Peruvian scientists create new form of biodegradable plastic from potato

May 21st, 2010

A group of Peruvian scientists have created a plastic based on the potato, which as well as being an environmentally friendly alternative to traditional plastic would also provide an extra boost for Peru’s potato exports.

The material, made from potato starch, is “biodegradable and can be composted”, informs project leader at the Pontifica Universidad Católica del Perú, Fernando Torres.

Traditional plastics are based on crude oil derivatives and today are widely used for everything from food packaging to electronic products with great cost to the environment… once produced they can last for decades, centuries or never disappear at all. The Peruvian replacement would degrade and disappear in just two years, making it ideal to replace the most wasteful plastics used as packaging.

Environmental destruction

It is typical in Peru for shoppers to use dozens of plastic bags, sometimes going as far as using one for each item, then placing these in yet another bag to carry home. Most of Peru’s rural areas, along its highways and even its rivers are buried in many feet of plastic garbage dumped without a second thought.
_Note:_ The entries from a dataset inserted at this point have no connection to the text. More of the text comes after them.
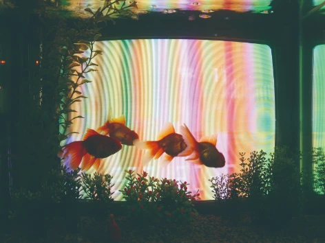 어항 안에서는 살아 있는 물고기들이 유영하고 있으며, 화면에는 춤을 추고 있는 머스 커닝햄, 바닷속을 헤엄치는 물고기, 그리고 하늘을 나는 비행기의 모습이 등장한다. 어항과 텔레비전 화면의 중첩을 통해 실제로 살아있는 물고기와 비디오 속 물고기는 하나의 시공간으로 합쳐진다. 관람자는 어항이 모니터가 되고 모니터가 어항이 되는 시각적 현상 속에서 평소와는 다른 시선으로 텔레비전 화면을 바라보게 되고, 대상을 재단하여 보여주는 프레임으로서의 텔레비전을 인식하게 된다. 이는 기술과 자연의 공존과 상응을 강조하기 위한 것이다.
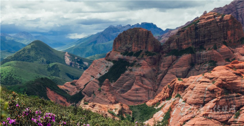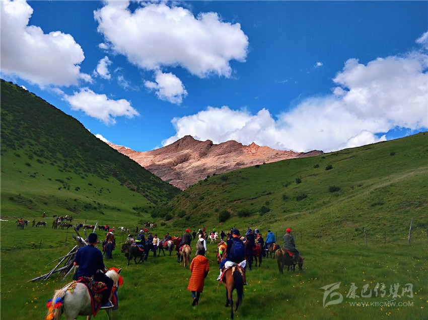 “快看,紅山千年之吻。”一位記者在馬背上驚呼。抬頭望去,兩座紅山緊依而立,伴隨藍(lán)天、白云與綠草,構(gòu)成一幅絕妙美景圖;在距丹霞地貌最近的埡口處,大家紛紛下馬觀賞丹霞風(fēng)光?!皦延^震撼、鬼斧神工”,專家學(xué)者無不驚嘆贊絕倫,即便天氣不佳,海拔較高,他們時(shí)而交流討論、時(shí)而拍照留戀,高昂情緒一直持續(xù)。
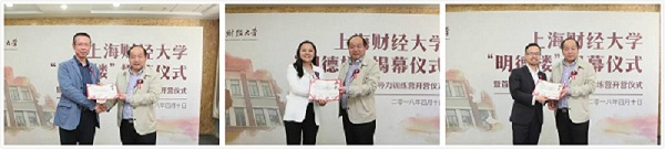 2018年4月10日下午,上海财经大学“明德楼”揭幕仪式暨首届“明德”青年领导力训练营开营仪式在武东校区明德楼一楼会议室举行。我校校董、上海道得投资管理合伙企业创始人武飞校友,上海道得投资管理合伙企业董事总经理张良校友,领导力语法创始人、独立顾问李峰先生,我校党委副书记朱鸣雄及相关学院领导、职能部门领导、训练营学员代表等共同出席揭幕仪式。
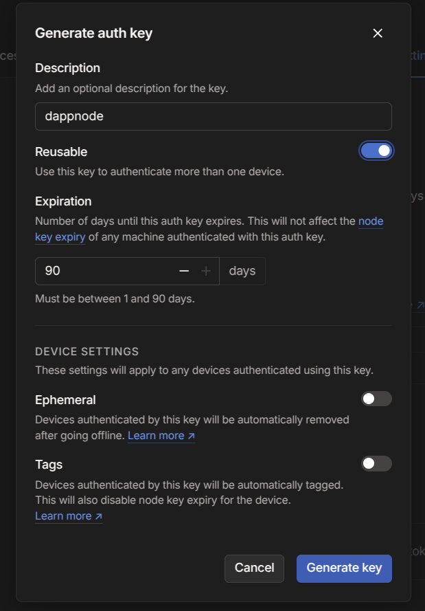That's it! You've successfully configured Tailscale to connect to your Dappnode. All that's left is to install Tailscale on the device you want to access your Dappnode from.

According to Torres, a plastic replacement has already been invented in the United States using corm as the base material. The novelty of the Peruvian innovation is producing a similar product using potato as the base material, something they have been perfecting for a number of years.

The production process involves removing all moisture from the potato in a centrifuge, filtering until only the starch remains. From here traditional machines for the production of traditional plastics can also be used to create laminates from the potato material to form bioplastic.

Investigators will now try to discover which of Peru’s various native potato species is best suited to be turned into plastic.